Interview with Raymond Biesinger
Posted by Nate Williams
Raymond Biesinger’s taught himself how to illustrate in the pages of his university student newspaper in the Siberian clime of Edmonton, Canada. There he learned the wonders of concepts, minimalism, political history and Xerox machines; all kinds of real-world physical image-making techniques and mental approaches that are the spine of what he does today. He’s moving to Montreal in early August, bringing with him a satchel full of clients ranging from the New Yorker to GQ to Monocle to shitty photocopied zines and noise rock bands. He’s been accompanying the social economist Tim Harford’s “Undercover Economist” column in the Financial Times’ Weekend magazine for a few years now, too. Strange how that works. Oh, and he’s also in a music duo called the Famines, due for their fourth trans-Canada tour in the fall.

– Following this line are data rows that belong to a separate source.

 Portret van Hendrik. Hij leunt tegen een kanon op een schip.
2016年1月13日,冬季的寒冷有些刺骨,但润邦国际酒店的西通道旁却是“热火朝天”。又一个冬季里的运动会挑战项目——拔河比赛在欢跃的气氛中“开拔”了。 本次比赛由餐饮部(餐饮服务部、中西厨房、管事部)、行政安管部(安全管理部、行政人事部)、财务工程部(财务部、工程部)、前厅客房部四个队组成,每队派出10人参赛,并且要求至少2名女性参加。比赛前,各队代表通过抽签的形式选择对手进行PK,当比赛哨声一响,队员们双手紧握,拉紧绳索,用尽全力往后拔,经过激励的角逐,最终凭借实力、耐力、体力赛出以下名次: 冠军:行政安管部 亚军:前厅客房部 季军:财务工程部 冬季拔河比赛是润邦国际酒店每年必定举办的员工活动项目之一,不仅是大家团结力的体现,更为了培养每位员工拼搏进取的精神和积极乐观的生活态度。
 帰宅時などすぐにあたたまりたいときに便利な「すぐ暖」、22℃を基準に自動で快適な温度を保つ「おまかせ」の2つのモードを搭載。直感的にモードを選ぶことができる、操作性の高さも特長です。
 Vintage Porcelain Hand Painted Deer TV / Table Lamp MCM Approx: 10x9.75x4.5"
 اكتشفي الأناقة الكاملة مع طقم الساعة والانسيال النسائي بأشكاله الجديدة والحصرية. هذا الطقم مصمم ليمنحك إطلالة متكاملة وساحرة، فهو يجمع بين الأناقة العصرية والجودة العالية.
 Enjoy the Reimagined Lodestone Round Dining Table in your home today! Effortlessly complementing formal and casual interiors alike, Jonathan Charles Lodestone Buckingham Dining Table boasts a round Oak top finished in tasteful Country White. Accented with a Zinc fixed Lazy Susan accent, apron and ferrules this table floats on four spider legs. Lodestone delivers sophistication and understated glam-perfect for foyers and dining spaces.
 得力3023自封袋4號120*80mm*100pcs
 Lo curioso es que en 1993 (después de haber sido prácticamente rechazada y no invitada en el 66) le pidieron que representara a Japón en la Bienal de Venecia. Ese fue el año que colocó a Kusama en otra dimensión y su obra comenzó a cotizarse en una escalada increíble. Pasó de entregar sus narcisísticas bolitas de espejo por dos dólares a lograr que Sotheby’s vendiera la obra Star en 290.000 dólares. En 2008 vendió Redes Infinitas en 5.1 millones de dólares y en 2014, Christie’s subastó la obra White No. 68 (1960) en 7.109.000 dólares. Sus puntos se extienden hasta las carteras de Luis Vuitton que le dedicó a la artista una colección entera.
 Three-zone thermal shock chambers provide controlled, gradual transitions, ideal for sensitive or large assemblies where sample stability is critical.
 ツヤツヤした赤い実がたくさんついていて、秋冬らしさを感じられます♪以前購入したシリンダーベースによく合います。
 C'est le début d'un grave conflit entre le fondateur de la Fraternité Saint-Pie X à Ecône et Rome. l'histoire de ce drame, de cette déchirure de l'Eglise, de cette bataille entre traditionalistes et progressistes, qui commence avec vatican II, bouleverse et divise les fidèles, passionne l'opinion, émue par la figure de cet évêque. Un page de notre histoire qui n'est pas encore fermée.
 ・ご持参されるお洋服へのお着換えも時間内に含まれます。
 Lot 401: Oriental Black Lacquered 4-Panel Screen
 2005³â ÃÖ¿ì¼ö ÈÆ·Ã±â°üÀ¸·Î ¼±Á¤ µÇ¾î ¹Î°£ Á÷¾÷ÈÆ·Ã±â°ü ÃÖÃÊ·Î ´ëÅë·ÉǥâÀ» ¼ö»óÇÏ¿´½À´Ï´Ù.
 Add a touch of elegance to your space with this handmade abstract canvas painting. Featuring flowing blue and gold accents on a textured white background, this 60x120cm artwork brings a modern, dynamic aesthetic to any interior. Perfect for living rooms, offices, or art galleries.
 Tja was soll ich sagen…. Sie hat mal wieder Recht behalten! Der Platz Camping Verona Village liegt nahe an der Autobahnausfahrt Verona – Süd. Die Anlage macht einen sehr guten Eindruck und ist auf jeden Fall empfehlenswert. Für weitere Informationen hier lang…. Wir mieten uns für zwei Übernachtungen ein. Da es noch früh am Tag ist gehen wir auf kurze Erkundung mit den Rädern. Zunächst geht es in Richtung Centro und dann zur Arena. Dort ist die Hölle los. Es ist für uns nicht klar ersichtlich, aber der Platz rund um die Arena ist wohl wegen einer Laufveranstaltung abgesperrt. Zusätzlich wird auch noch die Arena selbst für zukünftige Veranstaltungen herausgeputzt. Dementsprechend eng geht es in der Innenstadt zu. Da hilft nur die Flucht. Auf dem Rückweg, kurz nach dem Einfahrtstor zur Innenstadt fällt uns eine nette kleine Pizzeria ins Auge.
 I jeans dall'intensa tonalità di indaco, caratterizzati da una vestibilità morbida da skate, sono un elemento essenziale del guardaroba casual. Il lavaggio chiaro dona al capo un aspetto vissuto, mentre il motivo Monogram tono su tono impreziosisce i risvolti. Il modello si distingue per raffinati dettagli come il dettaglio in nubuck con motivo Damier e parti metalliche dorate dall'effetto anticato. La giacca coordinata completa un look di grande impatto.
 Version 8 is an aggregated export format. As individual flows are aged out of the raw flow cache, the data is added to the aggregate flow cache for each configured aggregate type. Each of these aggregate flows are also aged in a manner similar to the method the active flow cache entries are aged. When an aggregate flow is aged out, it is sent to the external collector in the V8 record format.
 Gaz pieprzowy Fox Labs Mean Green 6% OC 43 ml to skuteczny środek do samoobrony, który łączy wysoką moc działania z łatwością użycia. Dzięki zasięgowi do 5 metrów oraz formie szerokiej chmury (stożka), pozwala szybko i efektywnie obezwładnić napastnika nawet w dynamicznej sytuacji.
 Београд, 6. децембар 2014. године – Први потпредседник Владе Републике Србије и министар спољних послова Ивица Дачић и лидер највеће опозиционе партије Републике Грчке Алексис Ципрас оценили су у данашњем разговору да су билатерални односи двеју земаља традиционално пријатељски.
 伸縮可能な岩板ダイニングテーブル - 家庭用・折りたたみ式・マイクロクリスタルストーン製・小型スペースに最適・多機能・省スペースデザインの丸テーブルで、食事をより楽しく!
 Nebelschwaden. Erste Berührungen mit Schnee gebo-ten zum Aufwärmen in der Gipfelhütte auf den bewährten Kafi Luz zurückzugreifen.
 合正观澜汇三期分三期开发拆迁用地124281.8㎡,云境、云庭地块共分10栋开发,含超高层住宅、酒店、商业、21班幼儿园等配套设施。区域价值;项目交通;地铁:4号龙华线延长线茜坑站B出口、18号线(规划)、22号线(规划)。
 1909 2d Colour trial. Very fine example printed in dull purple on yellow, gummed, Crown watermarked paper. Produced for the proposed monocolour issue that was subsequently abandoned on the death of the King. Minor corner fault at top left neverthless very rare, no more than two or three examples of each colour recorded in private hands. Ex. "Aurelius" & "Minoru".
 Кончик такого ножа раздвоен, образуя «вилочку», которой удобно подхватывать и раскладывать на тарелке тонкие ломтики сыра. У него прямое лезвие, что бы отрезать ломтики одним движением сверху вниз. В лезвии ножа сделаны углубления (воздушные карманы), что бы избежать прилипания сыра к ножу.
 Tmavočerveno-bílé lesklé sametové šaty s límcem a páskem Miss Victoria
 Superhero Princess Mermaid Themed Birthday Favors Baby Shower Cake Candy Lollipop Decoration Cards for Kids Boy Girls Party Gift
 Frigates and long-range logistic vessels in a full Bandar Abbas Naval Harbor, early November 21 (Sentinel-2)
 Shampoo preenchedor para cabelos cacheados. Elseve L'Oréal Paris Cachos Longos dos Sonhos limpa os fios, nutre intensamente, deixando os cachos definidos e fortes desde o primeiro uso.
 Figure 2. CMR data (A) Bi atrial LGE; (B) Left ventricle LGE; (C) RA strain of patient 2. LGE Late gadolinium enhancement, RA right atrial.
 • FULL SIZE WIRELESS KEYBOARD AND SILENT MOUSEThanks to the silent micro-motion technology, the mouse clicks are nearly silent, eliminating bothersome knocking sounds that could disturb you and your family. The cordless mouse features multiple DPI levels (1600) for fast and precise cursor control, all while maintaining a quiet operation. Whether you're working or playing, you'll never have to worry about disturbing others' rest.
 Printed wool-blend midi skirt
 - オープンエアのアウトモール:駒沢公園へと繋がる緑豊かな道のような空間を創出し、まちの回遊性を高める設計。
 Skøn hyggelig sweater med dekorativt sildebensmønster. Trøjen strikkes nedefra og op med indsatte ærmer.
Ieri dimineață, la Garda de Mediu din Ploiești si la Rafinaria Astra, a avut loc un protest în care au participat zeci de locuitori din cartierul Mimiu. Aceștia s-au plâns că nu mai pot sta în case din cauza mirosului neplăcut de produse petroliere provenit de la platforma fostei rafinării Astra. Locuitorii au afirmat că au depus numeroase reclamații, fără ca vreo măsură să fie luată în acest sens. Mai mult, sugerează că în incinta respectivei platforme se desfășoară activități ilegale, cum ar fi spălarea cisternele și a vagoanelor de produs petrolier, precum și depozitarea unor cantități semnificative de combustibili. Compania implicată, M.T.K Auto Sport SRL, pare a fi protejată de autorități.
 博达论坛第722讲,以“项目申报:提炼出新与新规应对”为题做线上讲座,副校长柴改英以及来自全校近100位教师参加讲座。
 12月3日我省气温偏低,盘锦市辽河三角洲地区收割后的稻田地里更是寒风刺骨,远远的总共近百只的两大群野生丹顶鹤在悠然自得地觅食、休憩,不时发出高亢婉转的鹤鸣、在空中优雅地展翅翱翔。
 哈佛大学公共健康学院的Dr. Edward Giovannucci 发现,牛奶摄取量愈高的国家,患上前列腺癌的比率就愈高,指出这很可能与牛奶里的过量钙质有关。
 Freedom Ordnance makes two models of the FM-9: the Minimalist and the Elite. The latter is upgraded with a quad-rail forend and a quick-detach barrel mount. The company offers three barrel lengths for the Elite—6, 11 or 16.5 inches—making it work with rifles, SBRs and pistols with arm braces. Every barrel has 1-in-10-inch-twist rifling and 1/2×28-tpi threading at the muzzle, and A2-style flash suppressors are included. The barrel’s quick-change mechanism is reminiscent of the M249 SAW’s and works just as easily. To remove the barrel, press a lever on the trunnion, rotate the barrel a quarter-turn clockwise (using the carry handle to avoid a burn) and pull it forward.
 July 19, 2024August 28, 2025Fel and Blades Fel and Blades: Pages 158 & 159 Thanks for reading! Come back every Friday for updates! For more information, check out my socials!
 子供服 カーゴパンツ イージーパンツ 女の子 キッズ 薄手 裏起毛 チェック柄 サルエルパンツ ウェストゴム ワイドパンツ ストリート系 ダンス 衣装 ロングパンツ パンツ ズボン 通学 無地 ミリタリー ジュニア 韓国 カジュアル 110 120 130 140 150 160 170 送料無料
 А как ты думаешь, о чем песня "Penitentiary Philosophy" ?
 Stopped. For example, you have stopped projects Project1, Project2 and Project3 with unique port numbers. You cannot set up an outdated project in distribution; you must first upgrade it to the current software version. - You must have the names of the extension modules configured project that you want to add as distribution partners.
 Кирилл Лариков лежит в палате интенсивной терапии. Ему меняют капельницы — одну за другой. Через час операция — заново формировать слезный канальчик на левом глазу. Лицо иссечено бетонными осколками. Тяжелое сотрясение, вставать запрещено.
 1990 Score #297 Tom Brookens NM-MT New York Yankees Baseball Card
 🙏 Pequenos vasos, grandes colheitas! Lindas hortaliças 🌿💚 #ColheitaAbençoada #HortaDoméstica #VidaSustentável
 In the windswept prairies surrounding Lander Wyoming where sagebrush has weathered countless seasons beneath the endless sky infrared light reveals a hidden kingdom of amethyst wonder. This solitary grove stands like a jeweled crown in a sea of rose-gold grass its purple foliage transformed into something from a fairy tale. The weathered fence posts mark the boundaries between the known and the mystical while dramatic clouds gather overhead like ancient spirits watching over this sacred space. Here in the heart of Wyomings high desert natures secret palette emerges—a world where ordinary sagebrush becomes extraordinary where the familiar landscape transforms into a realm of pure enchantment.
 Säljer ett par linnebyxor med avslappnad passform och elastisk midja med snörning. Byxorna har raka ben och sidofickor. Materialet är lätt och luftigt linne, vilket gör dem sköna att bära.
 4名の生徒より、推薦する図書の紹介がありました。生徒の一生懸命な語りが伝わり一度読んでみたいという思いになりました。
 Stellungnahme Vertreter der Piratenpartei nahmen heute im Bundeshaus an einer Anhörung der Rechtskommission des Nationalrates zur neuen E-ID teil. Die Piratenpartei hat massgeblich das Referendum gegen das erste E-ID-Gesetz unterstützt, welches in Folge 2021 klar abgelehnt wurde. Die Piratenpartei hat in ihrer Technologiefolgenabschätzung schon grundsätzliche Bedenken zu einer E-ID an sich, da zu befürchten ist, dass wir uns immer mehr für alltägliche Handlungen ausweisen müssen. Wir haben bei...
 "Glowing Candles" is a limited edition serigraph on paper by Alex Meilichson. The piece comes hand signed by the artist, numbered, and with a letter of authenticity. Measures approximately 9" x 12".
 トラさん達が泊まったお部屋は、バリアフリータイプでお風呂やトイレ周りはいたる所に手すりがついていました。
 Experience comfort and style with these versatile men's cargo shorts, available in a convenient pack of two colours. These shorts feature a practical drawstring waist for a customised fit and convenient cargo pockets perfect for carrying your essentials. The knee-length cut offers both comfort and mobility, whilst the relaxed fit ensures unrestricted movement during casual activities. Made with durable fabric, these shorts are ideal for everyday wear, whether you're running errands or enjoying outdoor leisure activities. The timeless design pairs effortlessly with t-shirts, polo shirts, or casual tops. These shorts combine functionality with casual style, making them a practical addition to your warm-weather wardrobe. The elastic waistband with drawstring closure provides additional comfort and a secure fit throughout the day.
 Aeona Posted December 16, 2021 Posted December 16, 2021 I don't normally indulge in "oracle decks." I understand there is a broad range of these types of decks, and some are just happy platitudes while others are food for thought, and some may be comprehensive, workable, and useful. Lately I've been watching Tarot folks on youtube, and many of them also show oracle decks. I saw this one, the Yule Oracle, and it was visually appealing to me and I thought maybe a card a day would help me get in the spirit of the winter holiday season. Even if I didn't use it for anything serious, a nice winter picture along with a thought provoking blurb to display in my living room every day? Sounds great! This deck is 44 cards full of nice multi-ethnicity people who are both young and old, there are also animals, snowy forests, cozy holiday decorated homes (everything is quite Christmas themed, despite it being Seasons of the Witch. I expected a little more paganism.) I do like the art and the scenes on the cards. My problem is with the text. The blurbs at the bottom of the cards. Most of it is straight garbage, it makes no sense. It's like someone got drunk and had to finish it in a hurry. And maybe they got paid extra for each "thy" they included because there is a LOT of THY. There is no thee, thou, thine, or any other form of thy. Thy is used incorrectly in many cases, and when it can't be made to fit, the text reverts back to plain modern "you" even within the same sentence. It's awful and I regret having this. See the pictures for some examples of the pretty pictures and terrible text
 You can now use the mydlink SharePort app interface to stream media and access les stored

What is your typical day like?
Wake up at 9 AM, smooch wife, bike to the studio by 10 AM, check e-mails with a banana chocolate muffin from the tea shop from across the alley, deliver some roughs. Long lunch on Whyte Ave. Make some finals, stop at 6 PM, go home, commence leisure activities. It’s pretty tame.


Please describe your working environment.
For the last while it’s been the studio you can see in those photos–a 555 sq. ft. loft off what passes for a busy intersection on a nice avenue in Edmonton. I’m lucky to have that much space, with windows on three sides and skylights up above. Very bright, and a delightful place to sleep over at and stay up really late with friends at–it’s much closer to night life than our apartment. When my wife’s out, I pretty much move in to the place. It even has a claw foot tub. On one end is the Famines’ practice space, the other illustration space. In the middle is book publishing (binder, Xerox, stack cutter). In Montreal it’ll be a bright 7 1/2 near Parc Lafontaine, and my wife and I will both live and work there. Can’t wait to get that set up!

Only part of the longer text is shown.